Tom Copeland

RubyForge

Technometria
62 minutes, 28.6mb, recorded 2006-11-06
Tom Copeland, Matt Asay, Scott C Lemon

Previously, Technometria featured a talk by Yukihiro "Matz" Matsumoto, designer of the Ruby programming language. One of the language's chief proponents, Tom Copeland, joins Phil, Matt, and Scott in a discussion of the current state of the language along with other current news. Tom is the system administrator of RubyForge.org, a collection of open source Ruby projects. Starting with a brief discussion of Phil's class project on Rails, the group continues with a look at the Ruby community and why RubyForge was established as an alternative to SourceForge.

There is also a lively discussion of Microsoft's announcement of a partnership with Novell for a development deal related to Suse Linux, as well as other current issues.

 


Tom Copeland is a programmer for InfoEther, LLC. He started programming on a TRS-80 Model III, but demand for that skill has waned and he now works mostly in Java and Ruby. He's the sysadmin for rubyforge.org and is a contributor to various open source projects. He's the author of "PMD Applied", has a book on JavaCC in the pipeline, and blogs sporadically. He lives in northern Virginia with his wife and five children.

Co-host Matt Asay is vice president of Business Development for Alfresco, the leading open source Enterprise Content Management company. Prior to Alfresco Matt co-founded Novell's Linux Business Office, founded the Open Source Business Conference, and ran embedded Linux vendor Lineo's Network & Communications division. Matt earned a JD from Stanford Law School, where he spent two of his three years studying open source licensing under Professor Lawrence Lessig. He serves on the advisory boards for SugarCRM, JasperSoft, Bungee Labs, MuleSource, and Specifix, and on the board for OSI.

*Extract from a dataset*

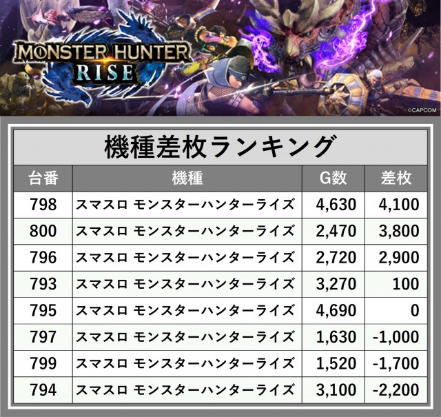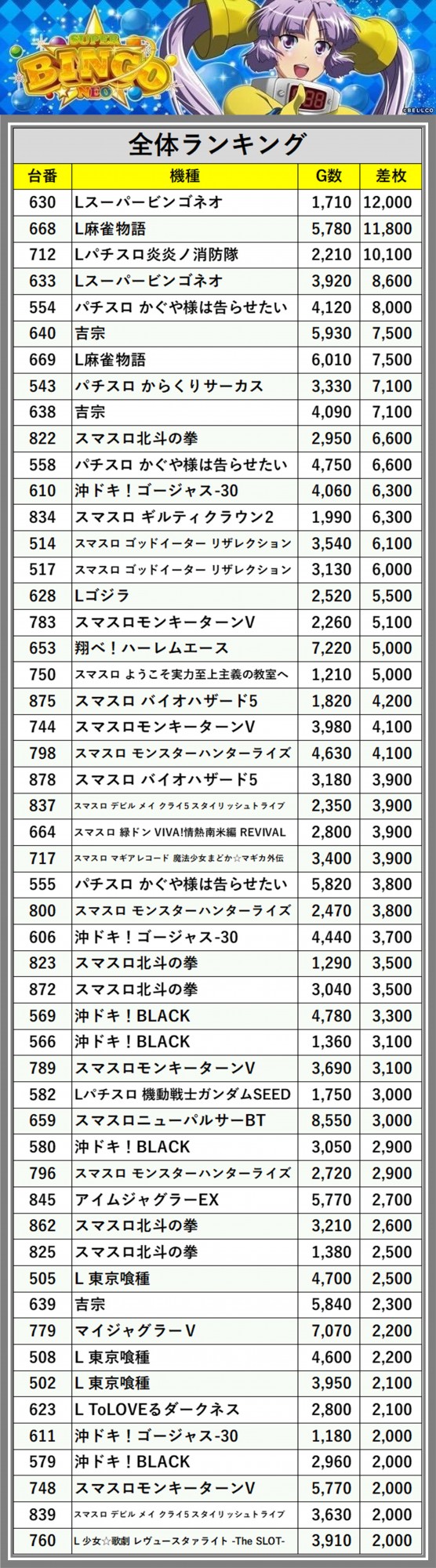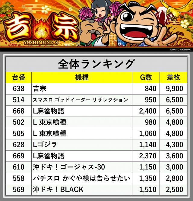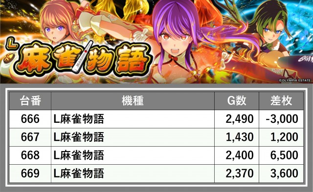 厳選された取材対象機種をはじめ、その他スロット全体から好記録が飛び出した!プレイヤーが楽しんだ1日を下記データにて振り返ってみて欲しい。

Co-host Scott C. Lemon is CTO of MediaForge - a next generation viral marketing and web enhancement company - and founder of HumanXtensions - an Internet R&D company. Scott's recent history in the computer industry include several small start-ups, along with being Chief Technologist at SCO, Chief Strategist at Vultus, and holding numerous positions during his four tours of duty at Novell. Scott's expertise ranges from computer and wireless hardware technologies, to networking and distributed software applications. As a futurist studying the patterns of evolution, his past experiences in operating systems - CP/M, DOS, Windows, OS/2, NetWare, UNIX, Linux and others - is allowing him to explore the new levels of abstractions provided by the Internet.